Yesterday morning at City Hall Anna Maria College and Quinsigamond Community College signed an agreement to create an innovative public-private transfer agreement between the schools.
The agreement signed by Quinsigamond President Gail Carberry and Anna Maria President Mary Lou Retelle caps the cost of four years of study at $40,000. The program is open to those studying the fields of criminal justice, fire science, human services and social work.
Transfer agreements, also known as articulation agreements, are common in higher education. However, the Higher Education and Active Responsiveness through Transfer (HEART) Initiative is ground-breaking for two reasons.
First, it focuses on public service-oriented majors, some of which will see faster-than-average growth in the coming years. For examples, the number of jobs in community and social service occupations will rise 17.2 percent from 2012 to 2022, according to the Bureau of Labor Statistics.
Second, and most importantly, the Anna Maria-Quinsigamond agreement is cost efficient and provides cost certainty.
Study after study after study shows the negative long-term impacts of student loan debt, from delays in saving for retirement to an inability to purchase a home. These impacts are a drag on economic growth.
In addition, the American Student Assistance study showed “loan debt was deciding factor, or had a considerable impact, on their choice” of study for 30 percent of students. The fact that the HEART Initiative focuses on public service-oriented majors should attract more students into these fields.
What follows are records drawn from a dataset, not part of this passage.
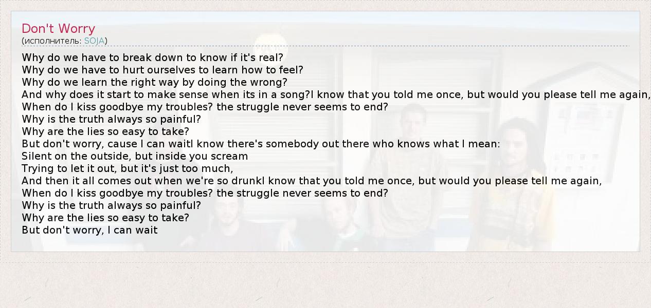 Это интересно:Soldiers of Jah Army (SOJA) — регги-коллектив, базирующейся в Арлингтоне, штат Виргиния в районе Вашингтона, округ Колумбия. Запуск в качестве активной группы в 1997 году, их музыка выпускается под лейблом Innerloop.Дискография * Soldiers of Jah Army (2000) * Peace in a Time of War (2003) * Dub in a Time of War (2005) * Get Wiser (2006) текст песен * Get Wiser Live DVD (2007) * Stars & Stripes EP (2008) * Born In Babylon (2009) * Strength... продолжение
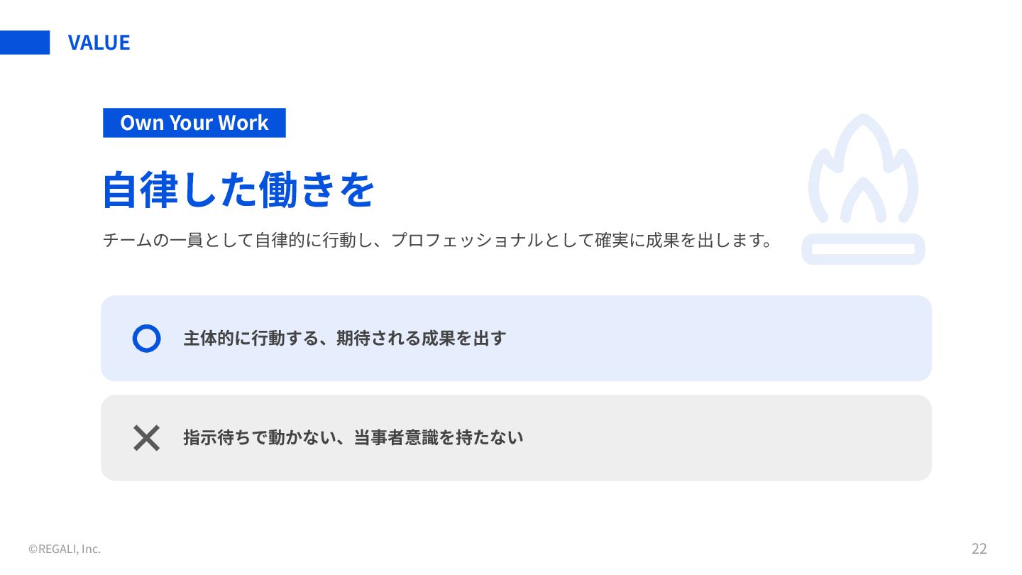 ©REGALI, Inc. VALUE チームの⼀員として⾃律的に⾏動し、プロフェッショナルとして確実に成果を出します。 主体的に⾏動する、期待される成果を出す ⾃律した働きを Own Your Work 22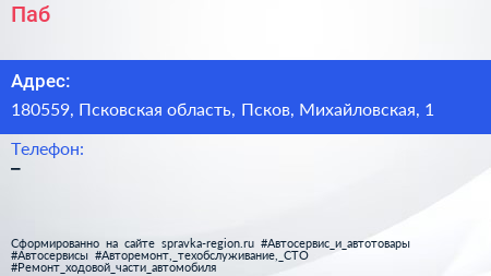 Паб по адресу 180559, Псковская область, Псков, Михайловская, 1 в дальнейшем Организация, размещена в следующих категориях: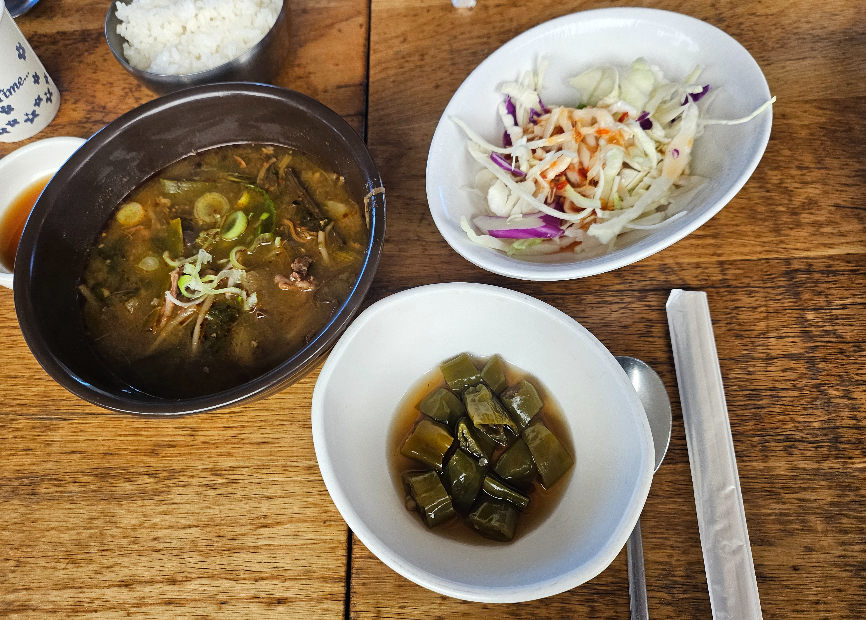 선지국, 샐러드, 고추장아찌가 나옵니다.

This is the second initiative launched by Carberry that takes head on the issues of college cost and student debt. In March, Quinsigamond and Mount Wachusett Community College partnered with Worcester State University and Fitchburg State University to launch the 30k Commitment, which caps the cost of an associate degree from the community colleges and a bachelor’s degree from the universities at $30,000.
Carberry and Retelle have established a leadership position with this public-private partnership, and we hope it becomes a model for future agreements.
The fact that a majority of students from both schools remain in the Worcester area after graduation means Central Massachusetts will be well served by this agreement for years to come.
Very rarely does a win-win scenario actually live up to its name. This is sure to be one of those instances.